_RECORDS FOR PROCESSING:_
----------
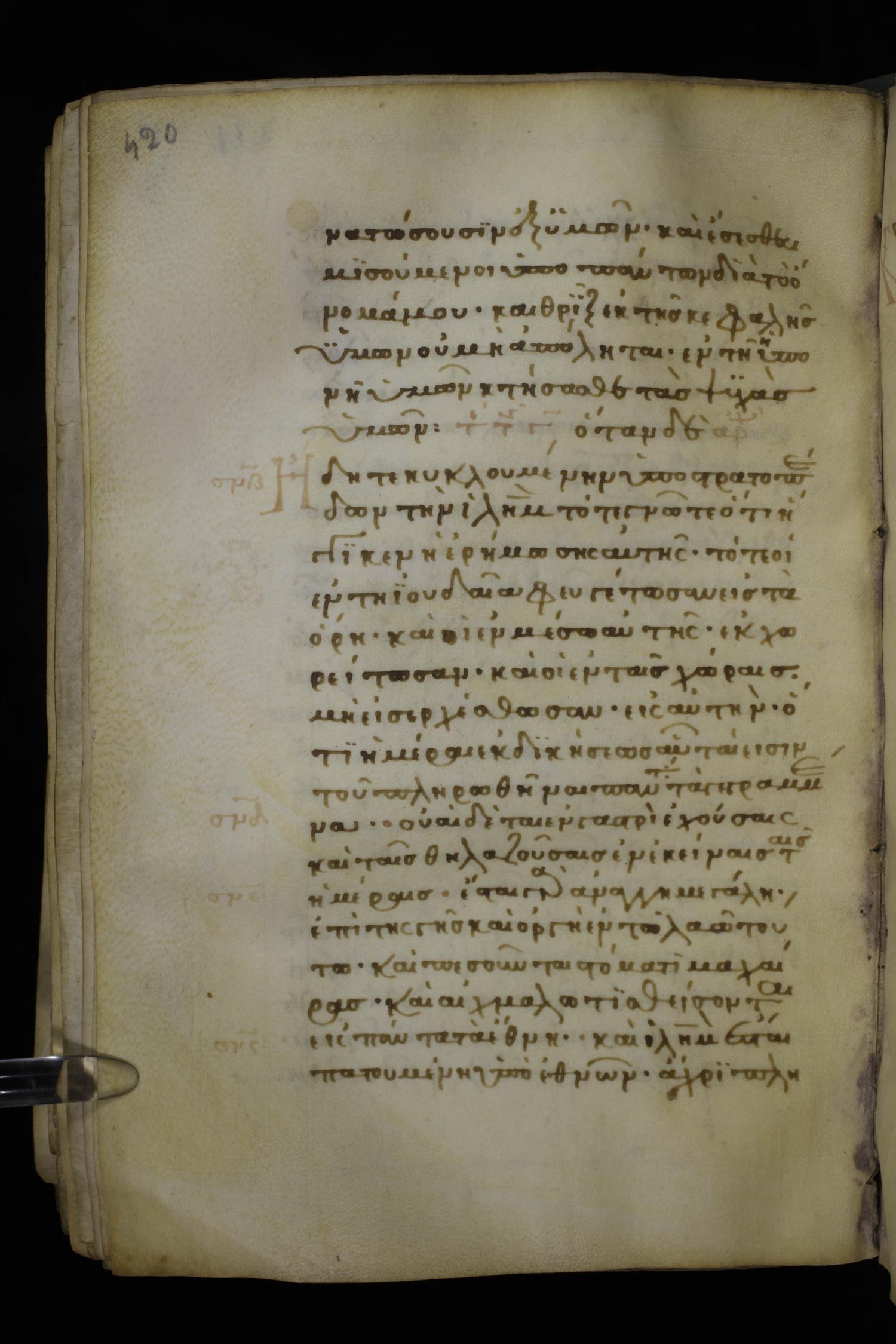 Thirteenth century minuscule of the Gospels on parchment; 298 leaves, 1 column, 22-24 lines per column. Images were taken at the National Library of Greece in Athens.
----------
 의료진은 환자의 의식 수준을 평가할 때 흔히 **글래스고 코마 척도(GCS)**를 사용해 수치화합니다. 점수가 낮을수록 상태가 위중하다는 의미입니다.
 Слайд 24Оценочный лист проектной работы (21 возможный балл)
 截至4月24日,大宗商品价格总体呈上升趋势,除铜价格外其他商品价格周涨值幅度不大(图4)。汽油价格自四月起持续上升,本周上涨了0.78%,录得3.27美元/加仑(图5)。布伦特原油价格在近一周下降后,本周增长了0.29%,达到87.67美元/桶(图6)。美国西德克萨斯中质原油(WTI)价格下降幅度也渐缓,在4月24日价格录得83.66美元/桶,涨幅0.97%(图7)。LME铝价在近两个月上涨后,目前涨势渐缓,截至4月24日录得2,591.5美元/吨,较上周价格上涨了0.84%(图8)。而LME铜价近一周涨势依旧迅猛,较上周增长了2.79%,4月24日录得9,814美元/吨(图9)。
----------
_WHAT THE TASK REQUIRES:_
Out of the data above, transcribe exactly and only the lines starting with the line that has "Слайд 24Оценочный лист" and going on through the line that has "截至4月24日,大宗商品价格", both included.

_FINISHED TASK:_
 Слайд 24Оценочный лист проектной работы (21 возможный балл)
 截至4月24日,大宗商品价格总体呈上升趋势,除铜价格外其他商品价格周涨值幅度不大(图4)。汽油价格自四月起持续上升,本周上涨了0.78%,录得3.27美元/加仑(图5)。布伦特原油价格在近一周下降后,本周增长了0.29%,达到87.67美元/桶(图6)。美国西德克萨斯中质原油(WTI)价格下降幅度也渐缓,在4月24日价格录得83.66美元/桶,涨幅0.97%(图7)。LME铝价在近两个月上涨后,目前涨势渐缓,截至4月24日录得2,591.5美元/吨,较上周价格上涨了0.84%(图8)。而LME铜价近一周涨势依旧迅猛,较上周增长了2.79%,4月24日录得9,814美元/吨(图9)。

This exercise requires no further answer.